Is “knowledge is localized in MLPs” the right interpretation?

V1 — Level declaration: Pass. The claim is implementational — it names where facts are stored and how they can be modified.

V2 — Level-evidence match: Partial. The evidence (causal tracing) is at the causal/behavioral level. The claim (facts are stored in MLPs) is a structural/implementational assertion. There is a gap — causal importance does not establish storage.

V3 — Narrative coherence: Moderate. “MLPs store key-value associations; subjects are keys, facts are values; editing the value changes the fact.” This is a coherent story but may be overly simplified. The narrative works for the edit success cases but not for the ripple-effect failures.

V4 — Alternative exclusion: Weak. The key alternative: MLP layers are where subject entity representations are processed, not where facts are stored. Under this alternative, ROME edits work because they corrupt the entity representation at a processing bottleneck, not because they target fact storage. This alternative explains both the successes and the failures (ripple effects = corrupted entity representation affects all facts about that entity). It has not been excluded.
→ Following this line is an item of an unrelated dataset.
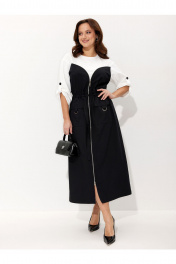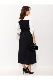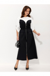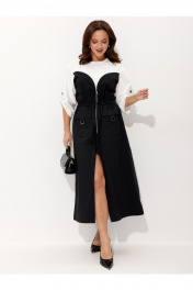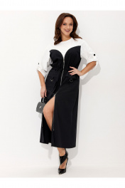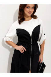 Комфорт - один из ключевых трендов современной действительности, который отлично реализуется в контексте стиля «спорт-кэжуал». Его выбирает тот, кто не желает ограничивать себя жёсткими рамками, стремится выглядеть модно и динамично и не считает, что красота требует жертв. Платье выполнено из двух видов ткани: трикотажа (верхняя часть лифа платья и рукава) и хлопка (нижняя часть лифа платья и юбка). Платье отрезное по линии талии на кулисе, в которую вставлен пояс-завязка что позволяет регулировать приталивание. По переду платья от проймы вставлена декоративная молния с двумя бегунками, что позволяет регулировать высоту разреза. Спереди накладные карманы с клапаном и патой декорированной металлическим полукольцом. Спущенная линия плеча. Низ рукава поддерживается декоративной патой на петлю и пуговицу.
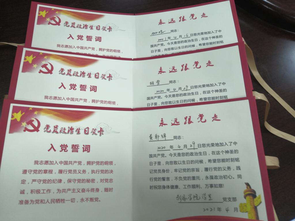 全体党员为政治生日在四月份的姚琨、黄郸殚、胡雪三位同志过政治生日。尚国燕、魏渝清两名老党员并向他们赠送政治生日贺卡。同时希望青年党员要珍惜现在的幸福生活,脚踏实地的为祖国的建设作贡献,做一个对人民、对社会、对国家有用的人。员工党员胡雪激动的说:“今年是建党100周年,今天是我一岁的政治生日,真的太有意义了!”

V5 — Scope honesty: Partial. “Knowledge is localized” is a strong claim. “Causal tracing identifies MLP layers whose corruption disrupts factual recall on template queries” is what is demonstrated. The scope of the evidence is narrower than the scope of the claim.
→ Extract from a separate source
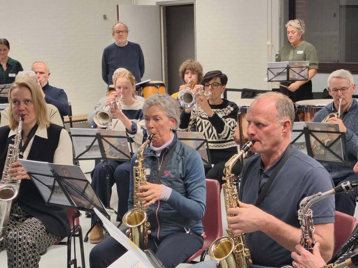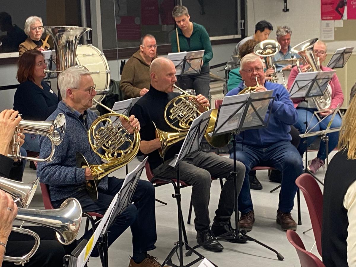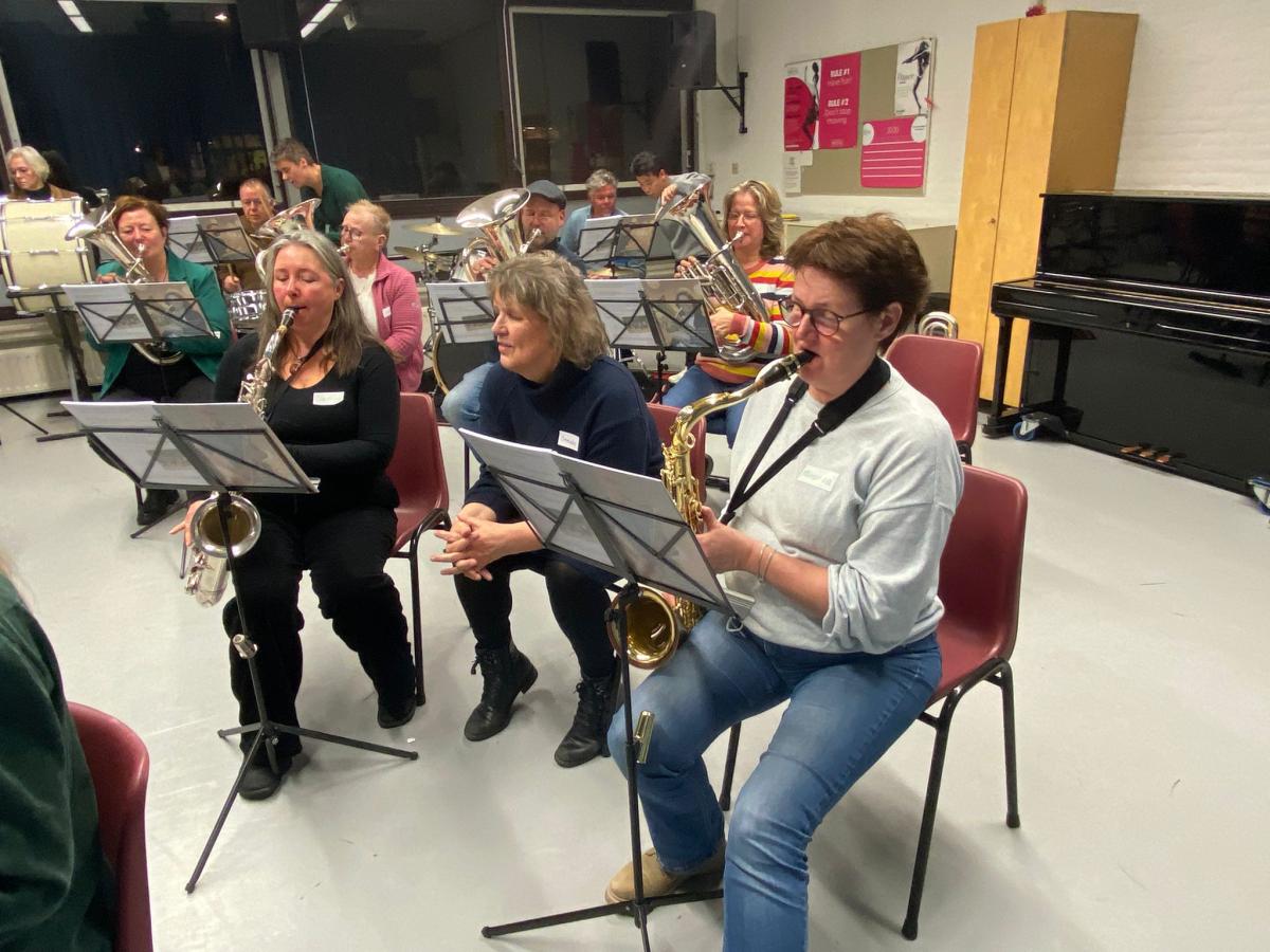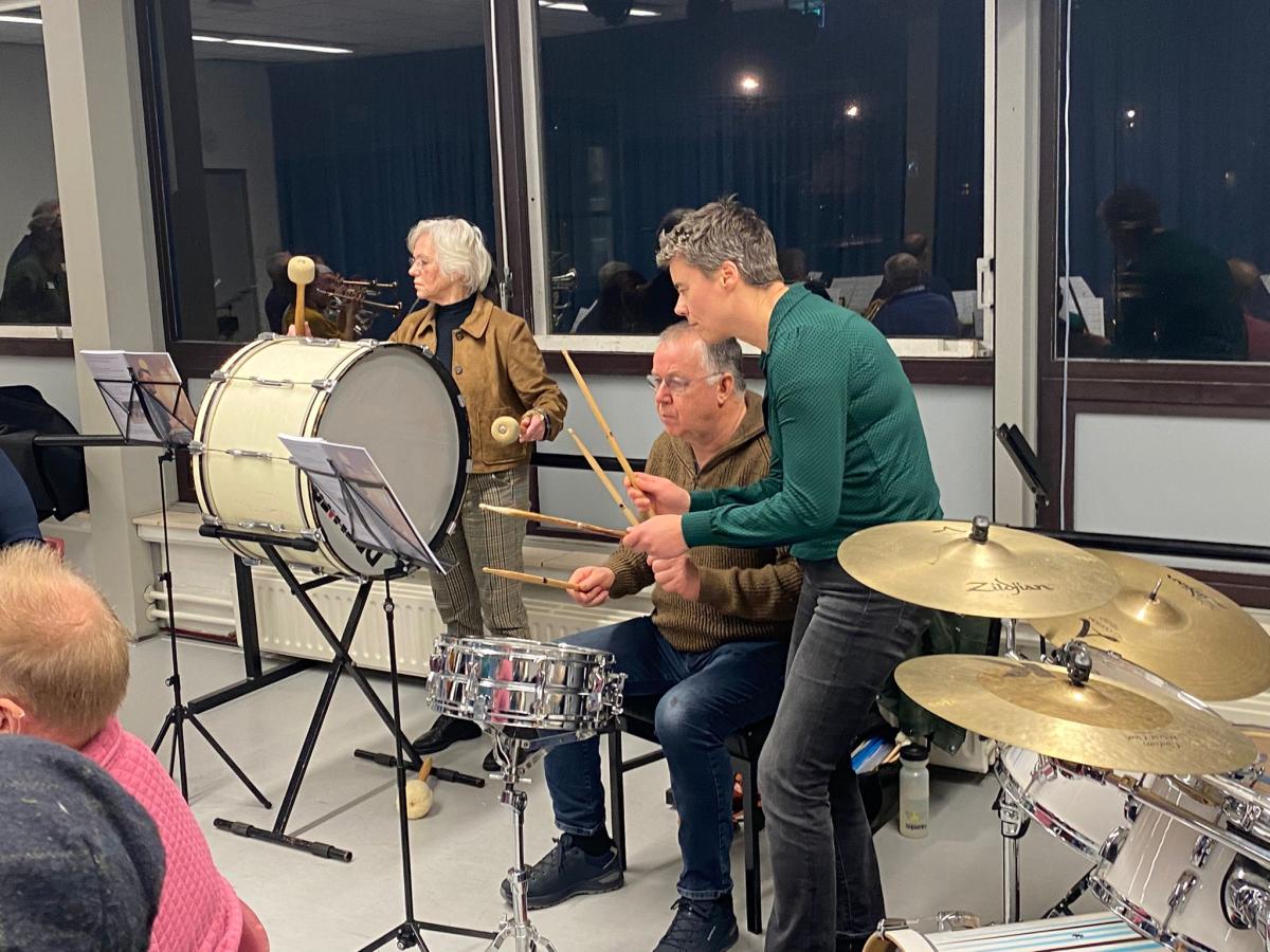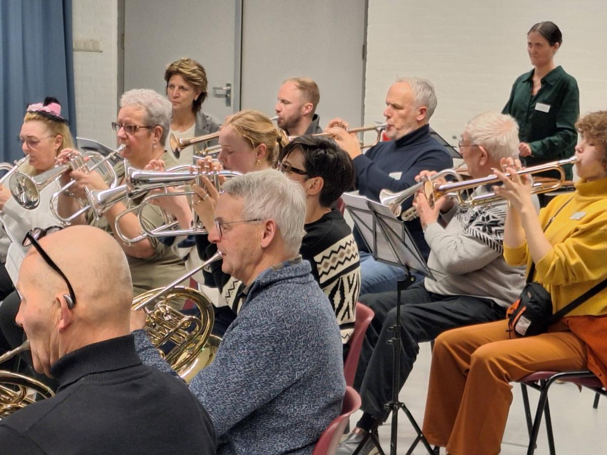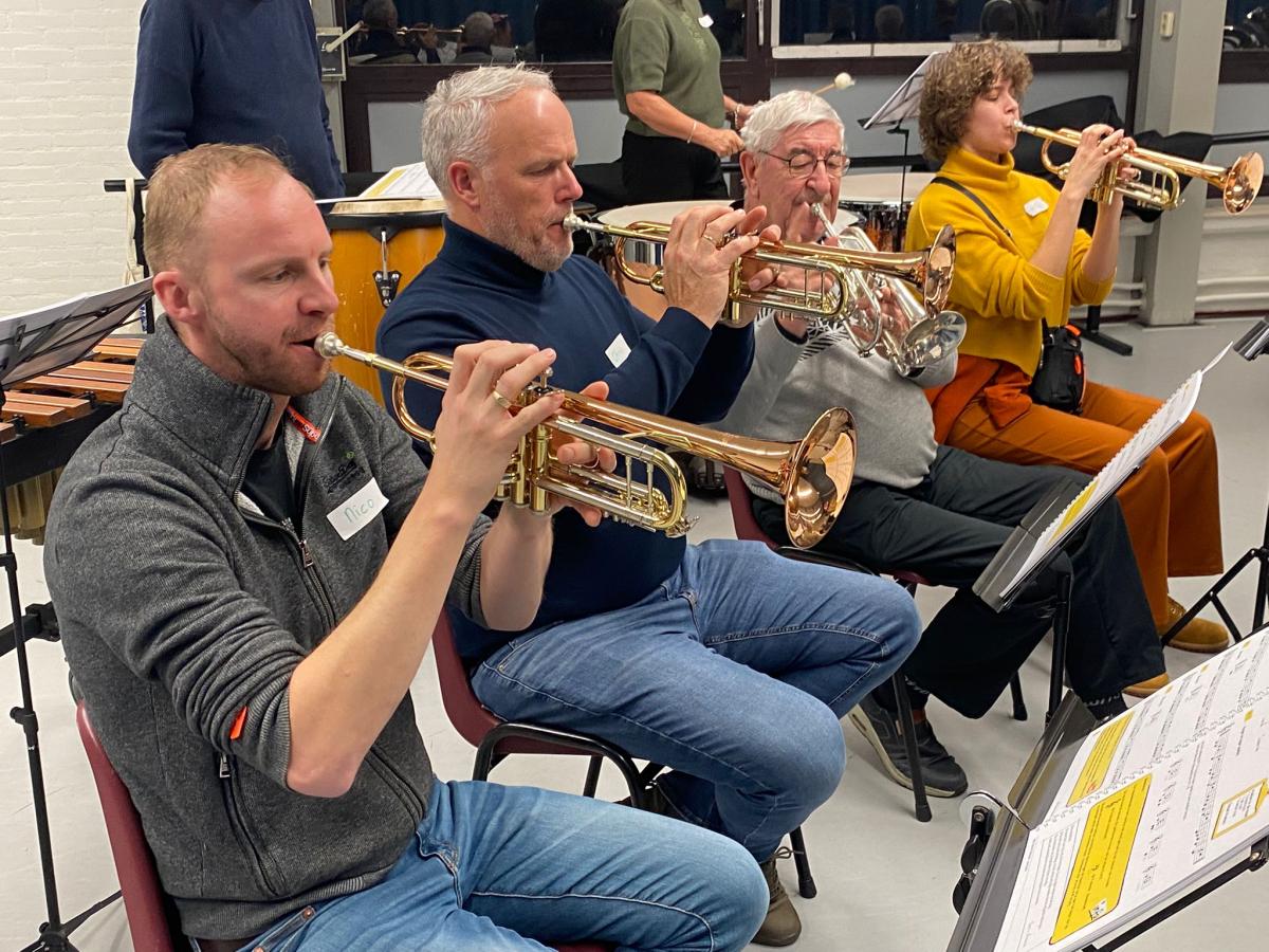 Na een half uur eerste groepsrepetitie met na de pauze instructie in het uitvouwen van de muziekstandaard. En aan het eind van de repetitie: 5 noten spelen op aanwijzingen van de dirigent.

  • Description vs explanation: “Knowledge neurons store facts” is an explanation. “MLP layers are causally important for factual recall” is a description. The evidence supports the description; the explanation is one of multiple compatible accounts.
  • Faithfulness vs understanding: ROME is faithful in a narrow sense (edits change the target output). But the understanding it implies (localized storage) is contested. High narrow faithfulness with questionable broader understanding.
  • Component identity vs component role: The components (specific MLP layers) are reliably identified by causal tracing. Their role (storage vs. processing bottleneck) is the interpretive dispute. As with the docstring circuit, identity is established but role is contested.
  • Implementational → Interpretation: Partial. Causal tracing identifies specific layers; ROME edits at those layers succeed. But the evidence is implementational in location only — it does not confirm the storage mechanism.
  • Algorithmic → Interpretation: Weak. No algorithm for factual recall is specified. The claim jumps from “this layer matters” to “this layer stores facts” without specifying the retrieval algorithm.
  • Computational → Interpretation: Partial. We know the model performs factual recall. Whether “key-value lookup in MLP” is the right computational description (vs. “distributed association through residual stream”) is unresolved.
NecessitySufficiencyRepresentationalAlgorithmicComputational
Causal tracing (lesion)
ROME edit (stimulation)✓ (narrow)
Probing
Cross-fact comparison
Multi-layer analysisPartial

Necessity and sufficiency are confirmed but only in the causal column. The representational and algorithmic columns — where the “storage” claim lives — are empty. The matrix reveals the level mismatch: the evidence is causal (something breaks/changes), but the claim is structural (facts are stored here).

  • Subject token → MLP layer activation: solid (causal tracing confirms)
  • MLP layer activation → factual output: solid (editing changes output)
  • MLP weights → fact storage: dashed (inferred, not directly demonstrated)
  • Edit at MLP → target change: solid (ROME succeeds)
  • Edit at MLP → related knowledge corruption: solid (ripple effects documented)
  • Alternative: MLP as entity bottleneck → all entity-related facts: dashed (proposed, not causally tested)

The graph has an unusual structure: the solid edges support the intervention working but also document its failures (ripple effects). The critical “storage” edge is dashed — the central interpretive claim has no solid causal support. The alternative explanation (entity bottleneck) is equally compatible with all solid edges.